Deb Brandon: Living in Radiant Color

Procrastination?

It’s Wednesday. I’m administering a final exam on Friday, bright and early in the morning. And I have yet to write it. I’ve started it, but I keep postponing getting to the meat of it. I write a problem, then let it sit until the next day. It’s so uninteresting, a distasteful task. There’s so much else I’d rather do. I want to write, play with Gus, go out to lunch wit friends, and just hang out.
But it has to be done. I know that this afternoon, I’ll sit myself down and do it. I know that this evening, I’ll go through it carefully, solving each problem, making sure that the numbers come out nicely, that all the instructions make sense. I know that tomorrow, I’ll give it one last look through. And once satisfies with it, I’ll hand it in to Ferna to photocopy it for me.
When I procrastinate, I’m very much in control.
But when I’m having trouble with task initiation, I feel as if I am not the one at the helm. The difficulty is neurological, bloody brain-related. I may want to do something, like start knitting a new pair of socks. I may look forward to it, imagining hours of busy relaxation, my mind roaming freely as my hands move purposefully.
But for some reason, I just can’t seem to get started. The yarn is right there, I know exactly what pattern I wan to follow. The right size knitting needles await with the rest of my needles. Everything is ready. But I’m not. I can’t get up, collect everything and get started, even though this is a task I don’t consider to be a task—I would really like to get to—I know I’ll get started on it. I will start casting on stitches for the first sock, but not right now.
Trouble with task initiation and procrastination, though they lead to similar results, feel so very different. In both cases, the knowledge that I’ll get to the task, is absolute. Though with procrastination that absolute is more relaxed, amusing. Whereas there’s nothing relaxing about the absolute with task initiation. The knowledge just is, a fact, not to be questioned, not to be discussed or joked about.
When the bloody brain prevents me from picking up those knitting needles, it feels like there is a disconnect, something blocking me from the task, something other than myself. It feels like a hex has been laid on me. Trouble initiating tasks is akin to how I felt prior to the brain bleeds when I’d just completed a big project, and had to begin a new task. But those pre-bloody brain experiences pale compared to this bloody brain related trouble I’m having.
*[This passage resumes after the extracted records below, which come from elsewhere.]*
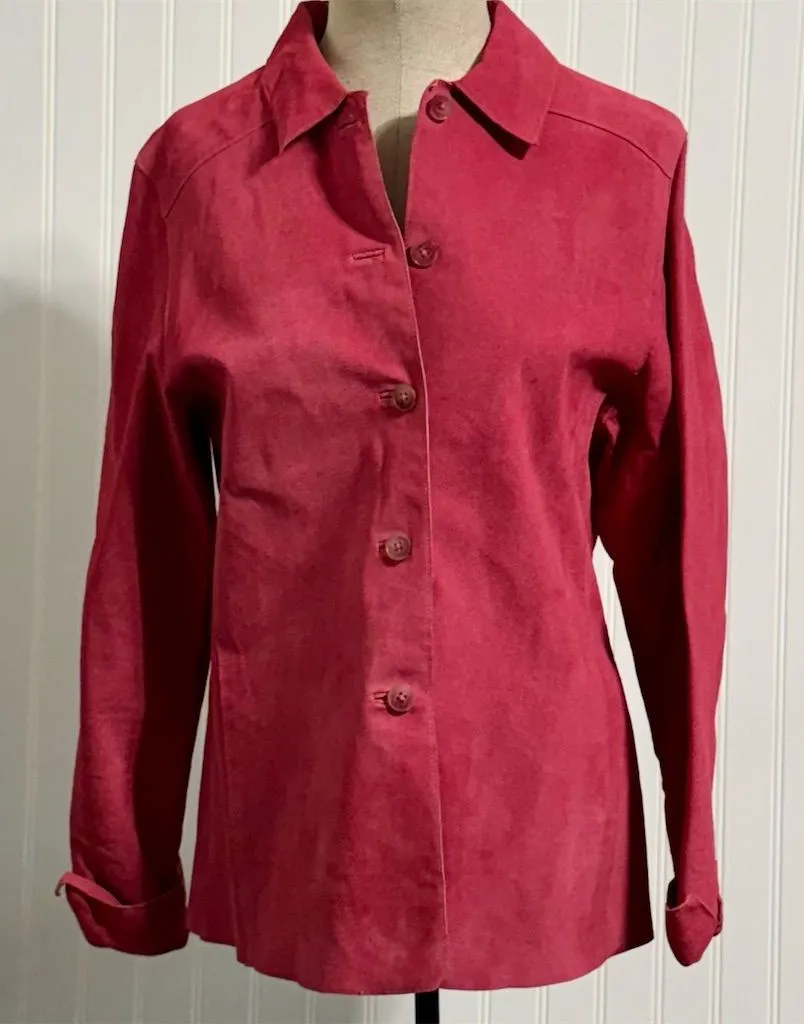 A stunning genuine suede leather jacket from the Y2K era by Valerie Stevens. This piece features a beautiful, deep "Berry" or "Rose" pink color that is much richer and more wearable than a bright hot pink. It is made from 100% leather suede with a smooth, soft hand feel. The silhouette is a classic button-front "shacket" (shirt-jacket) style with a structured collar and cuffed sleeves. It’s fully lined and perfect for transitioning between seasons. A rare color find that fits both a "Western Chic" and "90s Minimalist" wardrobe. Excellent pre-owned vintage condition. Suede is soft with no major stains or bald spots. Vintage pink suede jacket womens medium leather coat berry rose dark pink 90s style y2k fashion valerie stevens department store brand western cowgirl boho bohemian soft leather shacket button down coat dopamine dressing barbiecore classic career wear.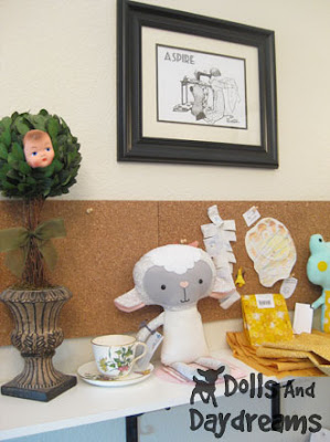And my cork board which is so handy for ideas and keeping track of my doodled dollies was made yet again by my clever chap .... out of floor tiles! It's brilliant and I love my shelf too ... although it's almost full already!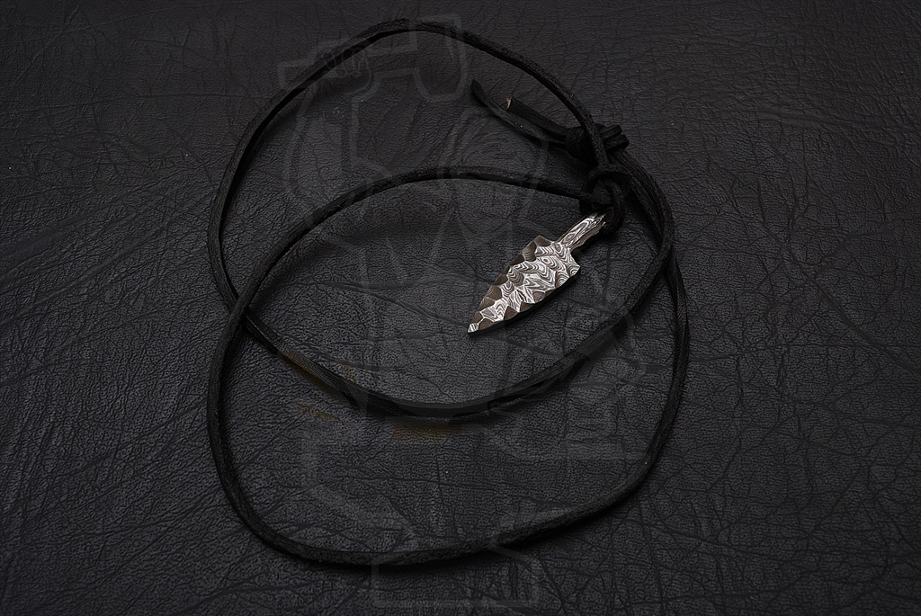 ARROW HEAD PENDANT WITH FLINT KNAPPED PATTERN-DAMASCUS STEEL NECKLACE/PENDANT-WITH LEATHER STRAP

Sometimes, out of the blue, with no urging from me, the bloody brain will remove the block completely, leaving no evidence of it having been there. And I set to knitting as if I’d meant to get going on it at that point all along. And once I get started, nothing can stop me. Once again, I am in control.
I got the final exam done, as planned. But I have yet to cast on the stitches for that first sock—it’s been three or four years now. I know I’ll get to it, just not now.